Además, guarde las imágenes de la lente obtenidas durante la carrera. Importe los datos a una hoja de cálculo. Usando la primera y la última lectura de escala, interpole la deriva en la lectura de fondo a lo largo del tiempo debido a la evaporación, luego reste el fondo interpolado de la lectura en cada punto de tiempo.
Después de realizar el ensayo y corregir la evaporación, se invierte el gráfico de los datos viscoelásticos. La magnitud de las fuerzas instantáneas y relajadas aumenta con cada paso hasta aproximadamente 1, 000 segundos, luego disminuye a medida que las fibras zonulares comienzan a romperse hasta que se alcanza el punto de tiempo de 1, 500 segundos cuando se rompen todas las fibras. Para esta demostración, también se comparó la respuesta viscoelástica para ratones de tipo salvaje y deficientes en MAGP-1.
En el tiempo inicial de cero a 600 segundos, los gráficos se parecen entre sí, lo que sugiere que las propiedades viscoelásticas de las fibras zonulares no se alteraron significativamente. Sin embargo, en el ratón knockout MAGP-1, las fibras se rompen prematuramente. Las fuerzas de rotura de la fibra zonular se obtuvieron con el método pull-up para MAGP-1 versus ratones de tipo salvaje en etapas de un mes y un año de edad.

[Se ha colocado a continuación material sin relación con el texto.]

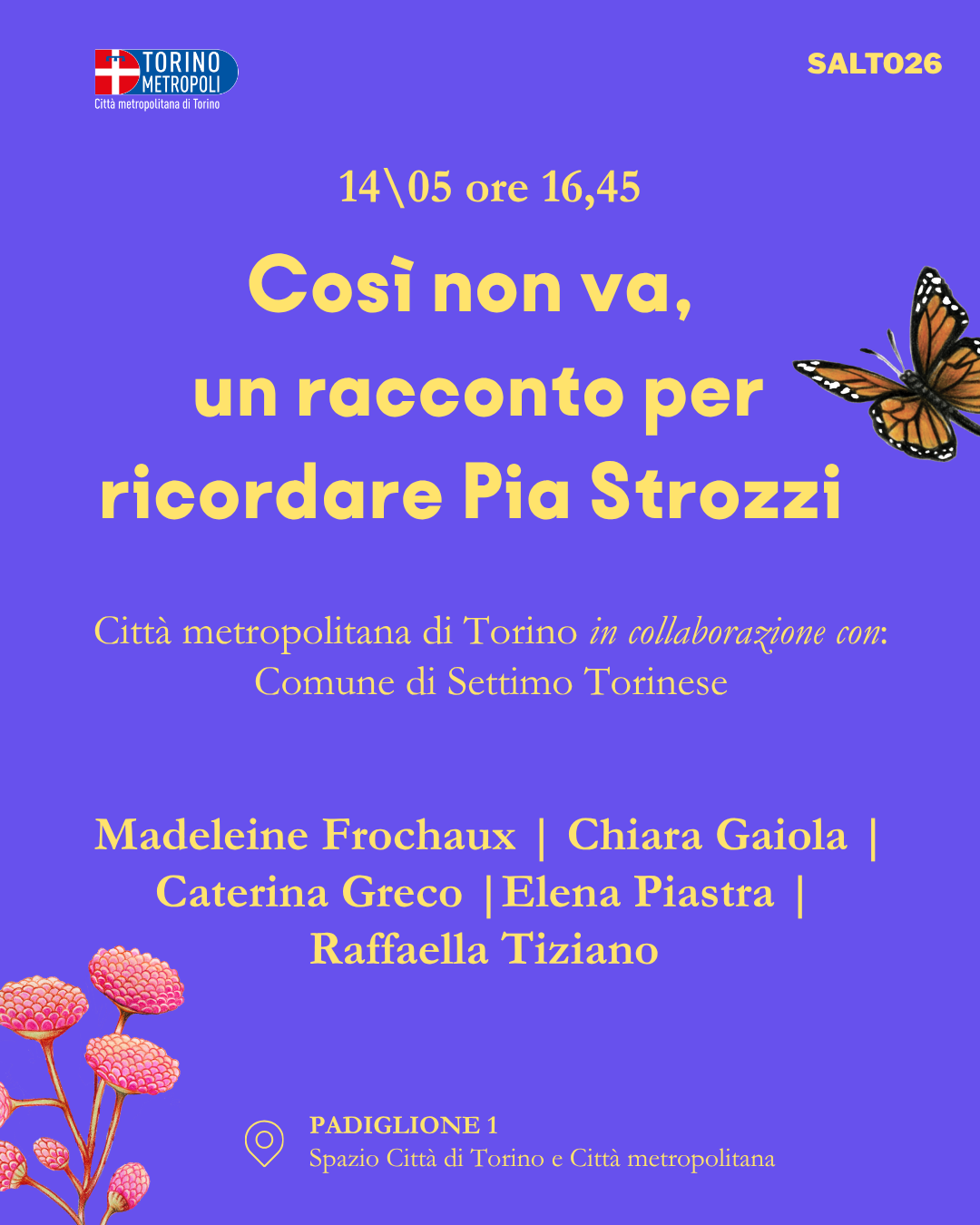 Giovedì 14 maggio - Così non va, un racconto per ricordare Pia Strozzi (ore 16:45)

Los resultados indicaron que la fuerza de las fibras aumenta con la edad para los ratones de tipo salvaje. Cualquier contacto accidental con la placa de Petri durante estos pasos puede hacer que la pared del ojo se desplace en relación con la lente del ojo, dañando potencialmente las fibras zonulares. Este ensayo pull-up ayuda a identificar las proteínas que contribuyen a la resistencia a la tracción de las microfibrillas.
Usaremos esta información para construir modelos más realistas del interior de las fibras zonulares.